Auster Oil & Gas, Inc. v. Stream, 86-4584

Decision Date14 January 1988
Docket NumberNo. 86-4584,86-4584
Citation835 F.2d 597
PartiesAUSTER OIL & GAS, INC., Plaintiff-Appellee Cross-Appellant, v. Matilda Gray STREAM, Harold H. Stream, III, M.G.S. Lake Charles, Inc., and Edward M. Carmouche, Defendants-Appellants Cross-Appellees.
CourtU.S. Court of Appeals — Fifth Circuit

David R. Frohn, A.J. Gray, III, Lake Charles, La., for Carmouche.

Drew Ranier, Lake Charles, La., for Matilda Gray Stream, Harold H. Stream, M.G.S. Lake Charles.

William E. Shaddock, Bernard H. McLaughlin, Jr., William B. Monk, Lake Charles, La., for Auster Oil & Gas, Inc.

Appeal from the United States District Court for the Western District of Louisiana.

Before RUBIN, GARZA, and JONES, Circuit Judges:

EDITH H. JONES, Circuit Judge:

For the third time, this action for damages by reason of an unconstitutional search and seizure of property appears before us. A prior panel opinion, Auster Oil & Gas, Inc. v. Stream, 764 F.2d 381 (5th Cir.1985), reversed the dismissal of the plaintiff's complaint for failure to state a claim, and the case was remanded for a trial on the merits. At trial, the jury exonerated the defendant state trooper on the grounds of qualified immunity but found that defendants Matilda Gray Stream ("Mrs. Stream"), Harold H. "Spook" Stream ("Spook Stream"), M.G.S. Lake Charles, Inc. ("M.G.S."), and their attorney Edward M. Carmouche ("Carmouche") had violated the fourth amendment rights of Auster Oil & Gas, Inc. ("Auster"). The jury awarded Auster $250,000 actual and a total of $5,000,000 punitive damages. The district court remitted $4,350,000 of the punitive damages, and awarded Auster over $300,000 in attorneys' fees and expenses pursuant to 42 U.S.C. Sec. 1988. The Streams, M.G.S., and Carmouche now appeal from the judgment of the district court, and Auster cross-appeals certain aspects of the award of attorneys' fees. We reverse and render in part, remand for a new trial on damages and affirm in part.
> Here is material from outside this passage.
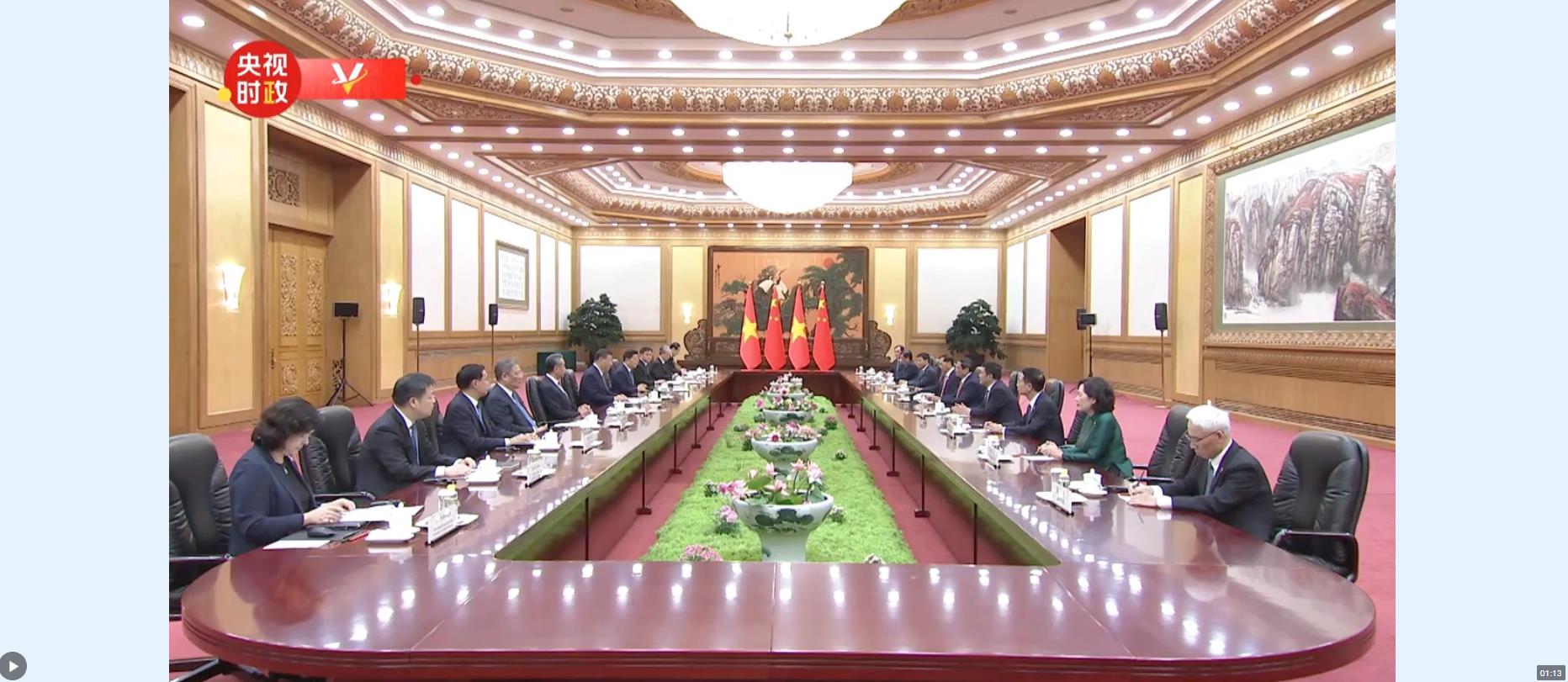 習(xí)近平指出,很高興再次與范明政總理會(huì)面。歡迎你來華出席夏季達(dá)沃斯論壇。去年年底我訪問越南期間,同阮富仲總書記一道宣布構(gòu)建具有戰(zhàn)略意義的中越命運(yùn)共同體,引領(lǐng)兩國(guó)關(guān)系進(jìn)入新階段。半年多來,兩黨兩國(guó)高層交往密切,各領(lǐng)域合作進(jìn)展順利,中越命運(yùn)共同體建設(shè)開局良好,給兩國(guó)人民帶來實(shí)實(shí)在在的利益,我們對(duì)此深感高興。
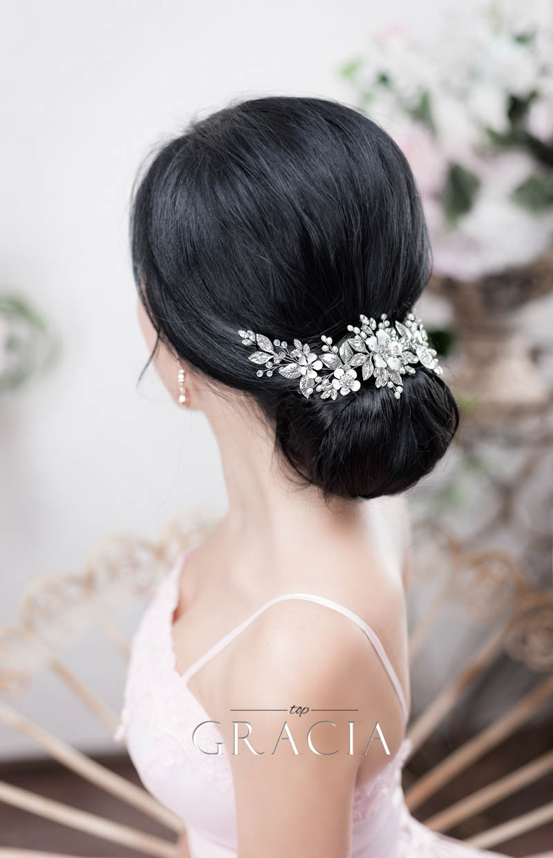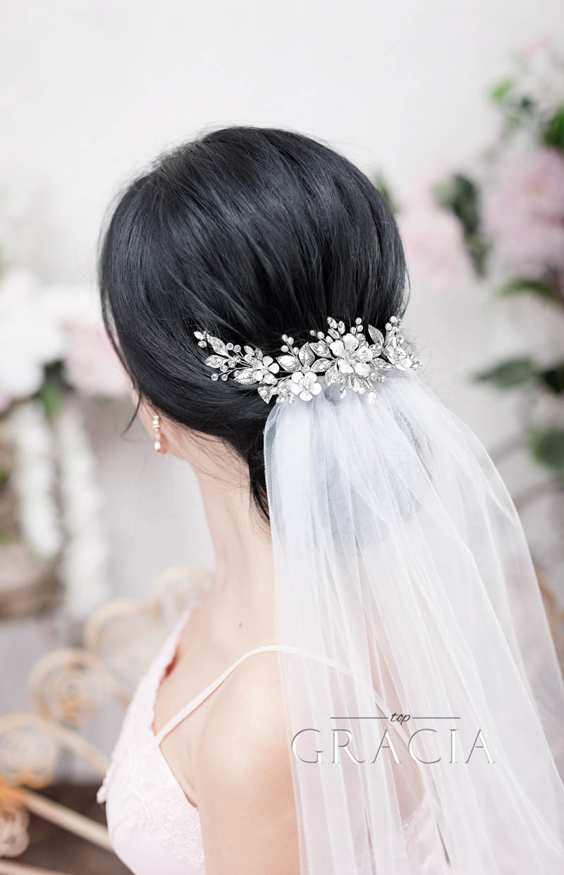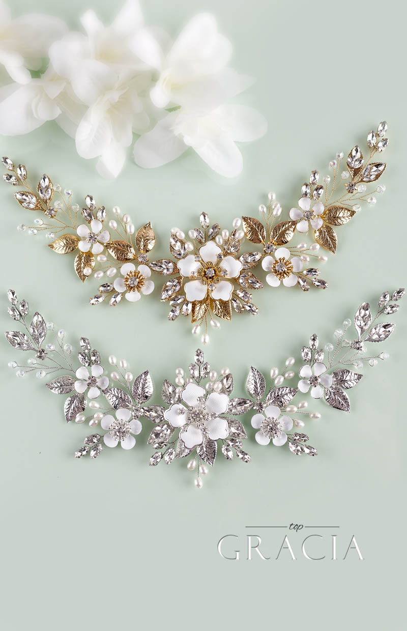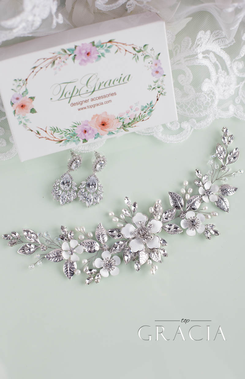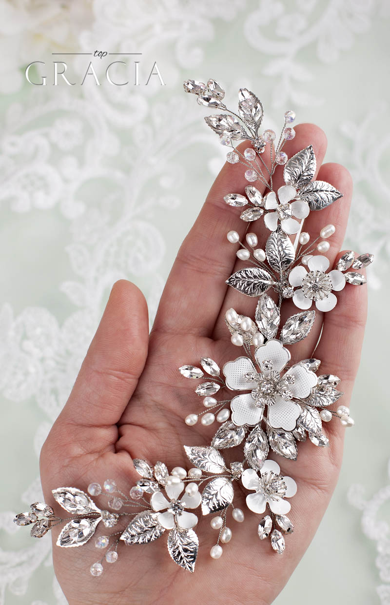 Top materials ready, the scheme of the new hairpiece for wedding ready, we passed to the handcrafting work with high spirits. We used high-quality jewelry wire that ensured lightweight, flexible and at the same time highly durable basis for the decoration. Then we created the decoration separately by combining branches of silver metal leaves and enameled flowers. Adding dazzling crystals in marquise cut to gleam in different colors under the sun's rays and little freshwater crystals that would emphasize the beauty of local cerulean seas, we could consider the project completed! To bring all these together, we used premium quality glue specially created for jewelry making.

The background and facts of this case are set out fully in the prior panel opinion, 764 F.2d at 384-86. To summarize briefly, Mrs. Stream and M.G.S. granted Auster and other lessees an oil, gas, and mineral lease on lands in Calcasieu Parish, Louisiana, in 1971, retaining significant royalty interests. Auster was designated as operator of the properties. In the early 1980's, allegations of oil thievery surfaced, and the Louisiana state police began a criminal investigation into whether Auster or anyone else had been stealing oil from the leases. Trooper First Class Al Martin, assigned to the case, was brought into contact with Carmouche, who was the attorney representing M.G.S. and the Streams. Shortly afterward Mrs. Stream and her son Spook Stream, authorized Carmouche to investigate Auster's operations.

In April 1983, Carmouche demanded that Auster cancel its leases, accusing Auster of operating a network of secret pipelines and tanks through which it was illegally siphoning off oil. Auster denied the allegations. Although the state police closed their investigation in July 1983 without bringing charges, Carmouche continued his own inquiries. After several meetings, Carmouche, his investigators, and Trooper Martin devised a high-tech surveillance plan to determine whether oil was being stolen from the leases.
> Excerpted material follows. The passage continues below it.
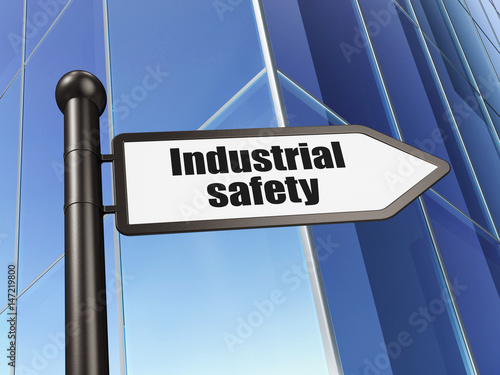 Fototapeta premium Constructing concept: sign Industrial Safety on Building background
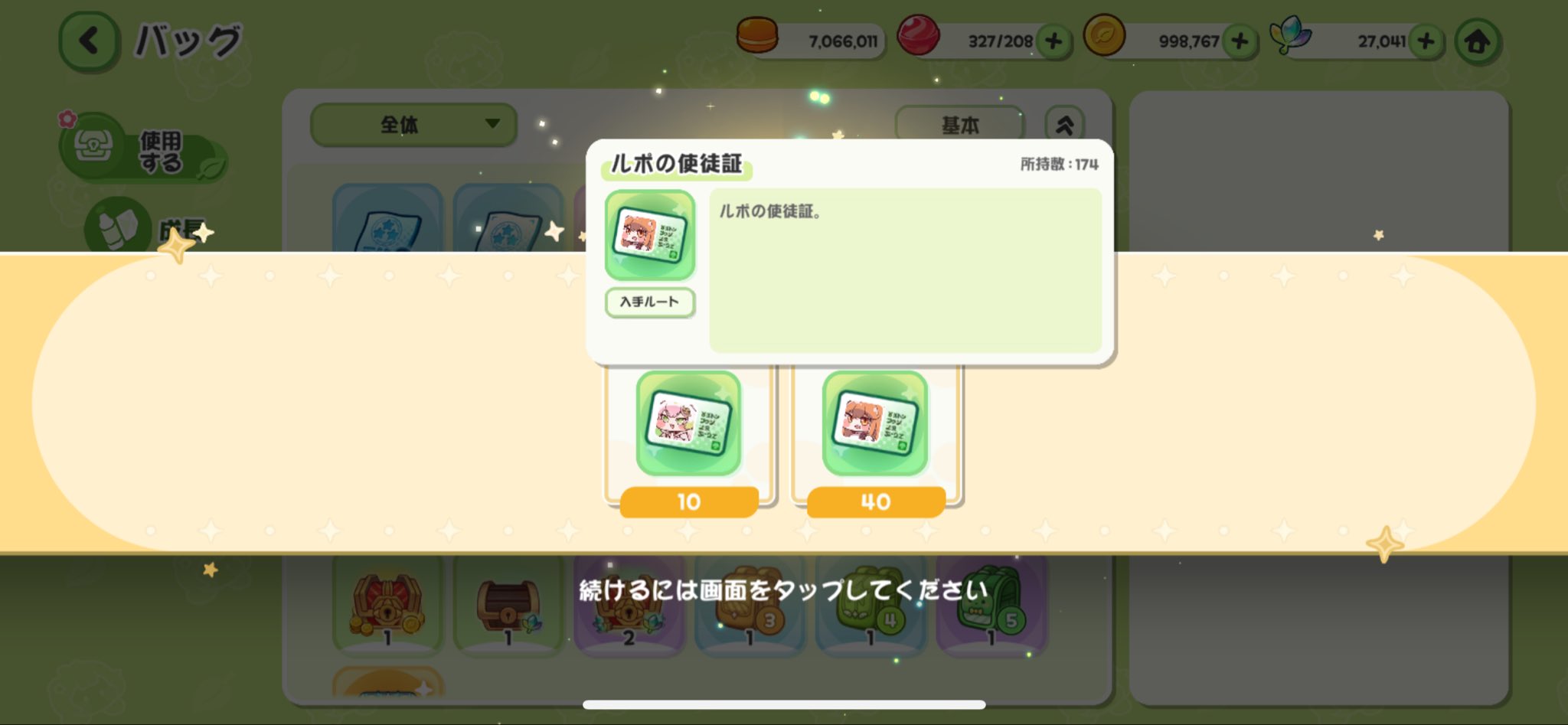 | … | 46326/03/12(木)20:12:20 ID:lrNYFCCYNo.1410108623+やべーぞ!と思ったのでとりあえず鞄引いたにゃん 20連で出たからこの辺にしといてやるにゃん |

The plan called for inserting plastic capsules containing microfilm, called microchips or microdots, into pipelines near the wellheads, and placing screens in the pipelines at the point where they left the Streams' lease property. In theory, the flow of the oil would carry the microdots through the pipeline and into the screens, where they would be recovered. If a substantial number of the microdots failed to appear in the screens, this could mean that Auster was diverting oil from the pipelines, and Carmouche's suspicions of theft would have been in some measure substantiated.
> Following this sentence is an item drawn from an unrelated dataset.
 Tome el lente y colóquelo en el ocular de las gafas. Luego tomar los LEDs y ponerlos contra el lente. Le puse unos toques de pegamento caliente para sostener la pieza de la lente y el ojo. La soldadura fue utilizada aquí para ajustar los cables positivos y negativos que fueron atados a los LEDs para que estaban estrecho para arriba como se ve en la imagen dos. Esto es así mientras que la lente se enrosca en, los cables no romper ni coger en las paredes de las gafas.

On September 25, 1983, several of Carmouche's agents, one of whom was Joe Mize, his son-in-law and law partner, executed this plan while Martin and other Louisiana state police officers served as lookouts. No search warrant had been obtained or sought.

Unfortunately for defendants, their sophisticated technology failed in its appointed task. The microdots got stuck in the wellheads and pipelines, damaging Auster's equipment, causing leaks of several barrels of oil, and, according to Auster, damaging the underground formations to such an extent that all production from one well was lost. When Auster discovered the cause of these problems, it demanded compensation from the Streams and sought an injunction in state court to prevent further intrusions.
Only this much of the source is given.